GPU not used — CUDA error 500

The box has an NVIDIA GPU, but inference runs on CPU. The inference container log shows:

CUDA failure 500: named symbol not found
... resolved to CPU only

In the dashboard, the Python Inference card shows CPU (fallback) instead of TensorRT or CUDA. With strict GPU enforcement enabled the container instead exits and keeps restarting.

The decisive test is NVIDIA’s own compute sample.
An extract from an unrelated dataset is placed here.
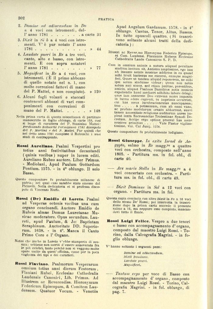 Rossi I.iiigi Felice. Vespro a due tenori e basso con accompagnamento d' organo, composto dal maestro Luigi Rossi. - Torino, dalla Calcografia Magrini. - in foglio oblungo.

Run it on the host:

Terminal window
docker run --rm --gpus all nvcr.io/nvidia/k8s/cuda-sample:vectoradd-cuda12.5.0
  • Healthy host → prints Test PASSED.
  • Broken hostFailed to allocate device vector A (error code named symbol not found)!

If the GPUs are listed by nvidia-smi -L but this sample fails, the GPU is unusable for compute in containers. The problem is the host GPU stack, not the Xisom image.

You can also confirm the fallback in the running container’s log:

Terminal window
docker compose -f docker-compose.release.yml logs inference | grep -E "CUDA failure 500|resolved to CPU"

This is a host-level GPU-compute problem on the platform driver layer, so the fix is on the host — not in the Xisom stack.

  1. Update the NVIDIA GPU driver on the host to a current build with full CUDA compute support. On a Windows + WSL2 host, also run wsl --update then wsl --shutdown afterwards.

  2. Re-wire the container runtime to the refreshed driver:

    Terminal window
    sudo nvidia-ctk runtime configure --runtime=docker
    sudo systemctl restart docker
  3. Re-run the compute sample until it prints Test PASSED:

    Terminal window
    docker run --rm --gpus all nvcr.io/nvidia/k8s/cuda-sample:vectoradd-cuda12.5.0
  4. Restart the inference container and confirm it picked up the GPU. No config change is needed — the default execution mode auto-selects the best available provider:

    Terminal window
    docker compose -f docker-compose.release.yml restart inference
    docker compose -f docker-compose.release.yml logs inference | grep "EP enabled"
    # expect: "TensorRT EP enabled" or "CUDA EP enabled"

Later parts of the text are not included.